Best Movie | Actually Came Out This Year Division: Frances Ha

Listen, 12 Years a Slave was excellent. And all those other important movies...the ones I didn't see? I'm sure they were awesome, too. But Frances Ha was the best. I can't state that emphatically enough. AND it's on Netflix Streaming RIGHT. FUCKING. NOW. So watch it.

Best Movie | So Much Better Than I Ever Would have Guessed Division: Dredd

Came out last year, but as previously stated, I am the Sarlacc of Media...I digest this shit SLOWLY. And it sounds stupid. But it isn't. Seriously. Dredd (which was called Dredd 3D when it was in theaters) is the most shockingly enjoyable movie I've seen in forever. It's smart, it's straightforward, it doesn't take itself too seriously, and it hums along. I would like another please.

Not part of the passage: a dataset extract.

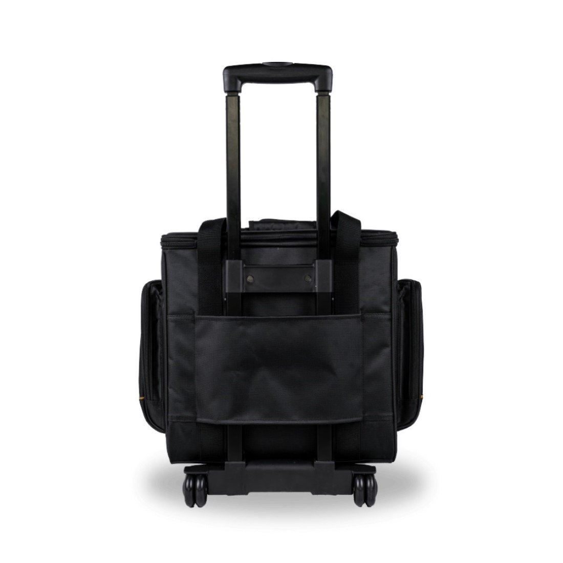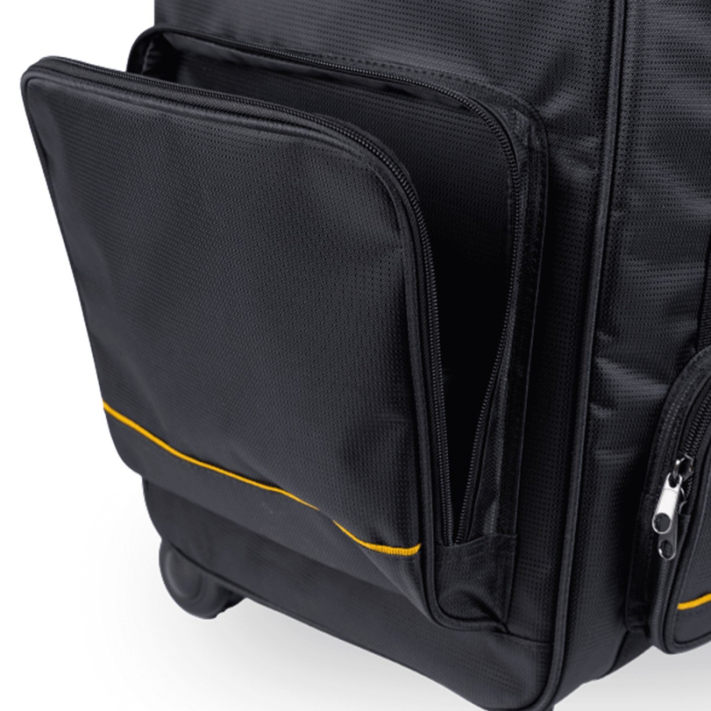 Dank seines kompakten Formats bleibt der Trolley leicht und handlich, bietet aber dennoch überraschend viel Stauraum. Im Innenbereich befinden sich mehrere Fächer für Zubehör wie Nähfüße, Garne oder Werkzeuge, während außen zusätzliche Taschen schnellen Zugriff auf häufig benötigte Utensilien ermöglichen. Die große Frontöffnung erleichtert das Ein- und Auspacken der Maschine, ohne sie kippen oder anheben zu müssen.

Jack Leso ain't take none of this nonsense

Best Red Light, Green Conductor | I Do What I Want Division: Jack Leso

Red light! Green Light! Red ligh-Green LiRED LGREEEEEN LIGHT!!!

Red light.

Best Book | Self Congratulatory Division: The Egg Catcher

Serious - anyone can publish their own book these days. Eh-nee-one.

That said, mine is the best. So buy it. Read it. And then leave a review on the product page so people won't think it's one of those weird pervert books that just sits there in the corner all by itself, laughing at it's own jokes and trying to decide if it wants grilled cheese or elbow macaroni for dinner.